• Berlin
  • John Riceburg: Do Berlin restaurants have to give you tap water?

Berlin

John Riceburg: Do Berlin restaurants have to give you tap water?

John loves eating out, but hates the idea of paying €2 for a small bottle of mineral water. His message to Berlin restaurateurs? Give me tap water or give me death!

Image for John Riceburg: Do Berlin restaurants have to give you tap water?
Photo by Wonderlane (Flickr CC)

A fellow Exberliner of mine recently had lunch at the trendy Chilees Korean Burger joint on Choriner Straße. As her daughter concentrated on her meal and sucked on a soda, she felt a slight headache coming on. Fumbling for her pain pills, she politely asked her waitress for a glass of tap water to wash them down with.

“Oh, we don’t have that,” replied the waitress.
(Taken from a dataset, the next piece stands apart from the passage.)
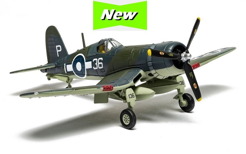 Corsair Mk. II JT537/13-6 of Canadian air ace Sub Lt Donald J Sheppard. 1836 Naval Air Squadron, HMS Victorious, Battle of Okinawa, 1945. Sheppard was one of only two Canadian Navy aces and the Fleet Air Arm’s only WW2 Corsair ace. Diecast model with plastic parts. Rotating prop, pilot figure, and drop tanks. Landing gear can be configured up or down. Approx. 14cm x 17cm (5.5" x 6.75"). Comes with a display stand.

“Please ask,” was my colleague’s reply.

Again. the waitress came back in the negative. My colleague asked politely one more time, after which the waitress got on the phone with what could only be the manager.

When the manager finally came around in person, my colleague was shocked to hear an “apologetic” explanation: “I’m very sorry, but if I give you tap water and it makes you sick, I would have such terrible guilt about it.” What?!

This refusal of tap water isn’t isolated in Berlin. It happens all the time.

Coming from the States, I’m used to getting at least a gallon of ice water as soon as I sit down in a restaurant. (For y’all metric folks, that’s 3.7854 litres.) Even after all these years in Germany, I still get depressed by the idea of quenching my thirst with a tiny €2 bottle of mineral water.

I always order Leitungswasser. And to this day – as we’ve written about before – that means sometimes facing down an angry look from a waiter.

Tap water in Germany is of superb quality. Drinking bottled water just means adding a few more kilos to that island of plastic garbage in the pacific. I have no idea why so many otherwise environmentally conscious Germans “hit the bottle”, so to speak.

I’ve always wondered: Are restaurants in Berlin required to serve tap water? With a bit of research, I learned that in the France, any citizen – by executive decree – has a right to free water while dining out.

But Germany, unfortunately, lags behind this republican ideal. There is no legal requirement – restaurants can refuse to serve tap water or even put it on the bill.

So our only hope is the customer: At least one study claims that most people in Germany like the idea of free tap water. So it’s not a bad idea for restaurants to provide it. And in my experience, at least 95 percent of restaurateurs do. 

And even if I can’t file a legal complaint against them, I can still boycott any Gaststätte that forces me to go to the bathroom to fill up a water bottle. (Yes, I mean you, Ahnni Food at Karl-Marx-Straße 215!)